Freddie Rodriguez–smart, affluent, urbane–didn’t learn that Luis, his Nicaraguan lover, was HIV-positive until it was too late to do anything about it. “He was my first boyfriend. He would get sick at times but he refused to take a blood test. He said that it was impossible for him to be HIV-positive. I believed him. One day, he disappeared. Didn’t come home, didn’t go to work– just disappeared.” Frantic, Rodriguez called the police and started phoning hospitals. Finally, Luis turned up at Jackson Memorial Hospital. He had been discovered unconscious and rushed to intensive care. When Rodriguez arrived at the hospital, he learned that his lover was in the aids wing. Even then, Luis insisted it was a mistake. Two weeks later, he was dead. “I had to tell Luis’s family that he was gay,” Rodriguez says, “that I was his boyfriend and that he had died of aids. They knew nothing. He lived a completely secret life.”

Although Rodriguez was enraged by his lover’s cowardice, he understood his dilemma all too well. He remembered how hard it was to tell his own family. ” When I was 22, I finally told my parents that I was gay. My mother screamed and ran out of the room. My father raised his hands in front of his eyes and told me, Freddie do you see what’s in front of me? It’s a big, white cloud. I do not hear anything, see anything and I cannot remember anything because it is all in this big white cloud.’ And then he left the room.” One of Rodriguez’s later boyfriends, this one Peruvian, was also HIV-positive, but far more duplicitous. “He flat out lied to me when I asked him. He knew, but he only told me after we broke up, after we had unsafe sex,” says Rodriguez, who remains HIV-negative. “Part of the machismo ethic,” Rodriguez explains, ” is not wearing a condom.”

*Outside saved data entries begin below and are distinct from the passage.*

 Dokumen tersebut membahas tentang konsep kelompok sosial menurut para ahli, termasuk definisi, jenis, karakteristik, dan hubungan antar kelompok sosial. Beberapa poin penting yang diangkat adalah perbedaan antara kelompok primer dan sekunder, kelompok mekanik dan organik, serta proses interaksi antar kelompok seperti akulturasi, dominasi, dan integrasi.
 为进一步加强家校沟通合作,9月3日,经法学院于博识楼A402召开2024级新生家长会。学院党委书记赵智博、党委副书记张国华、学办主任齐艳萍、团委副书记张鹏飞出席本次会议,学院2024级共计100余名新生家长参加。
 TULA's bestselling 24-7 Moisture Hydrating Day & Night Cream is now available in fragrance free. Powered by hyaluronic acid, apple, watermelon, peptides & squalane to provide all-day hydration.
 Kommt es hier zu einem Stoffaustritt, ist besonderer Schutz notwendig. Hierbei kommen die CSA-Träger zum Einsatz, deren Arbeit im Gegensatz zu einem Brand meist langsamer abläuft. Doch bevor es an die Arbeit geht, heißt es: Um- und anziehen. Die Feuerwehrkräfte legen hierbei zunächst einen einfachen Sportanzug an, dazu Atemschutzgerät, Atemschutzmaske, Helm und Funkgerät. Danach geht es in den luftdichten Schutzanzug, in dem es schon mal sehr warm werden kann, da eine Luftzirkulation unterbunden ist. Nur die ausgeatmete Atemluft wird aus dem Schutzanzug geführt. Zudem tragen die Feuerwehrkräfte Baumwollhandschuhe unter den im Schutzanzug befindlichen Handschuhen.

Miami’s Body Positive, which provides psychological and non-clinical services to aids patients, is housed in a pink concrete bubble off Miami’s Biscayne Boulevard. The building and much of its funding are provided by founder Doris Feinberg, who lost both her sons to aids during the late 1980s. The gay Cuban-American star of MTV’s “The Real World,” Pedro Zamora, worked here for the last five years of his life and started its P.O.P. program–Peer Outreach for Persons Who Are Positive. Ernie Lopez, a 26-year-old Nicaraguan who has been Body Positive’s director for the last five years, estimates that 40 percent of the center’s clients are Latino, in a Miami population that is 70 percent Hispanic. On the day I visit, I see mostly black men at the facility. Lopez warns me not to be fooled. “The Latino numbers are as high as the blacks, but they are not registered,” he says. “Latinos want anonymity. They come in very late–when they are desperate and their disease is very progressed. Often it’s too late to help them.”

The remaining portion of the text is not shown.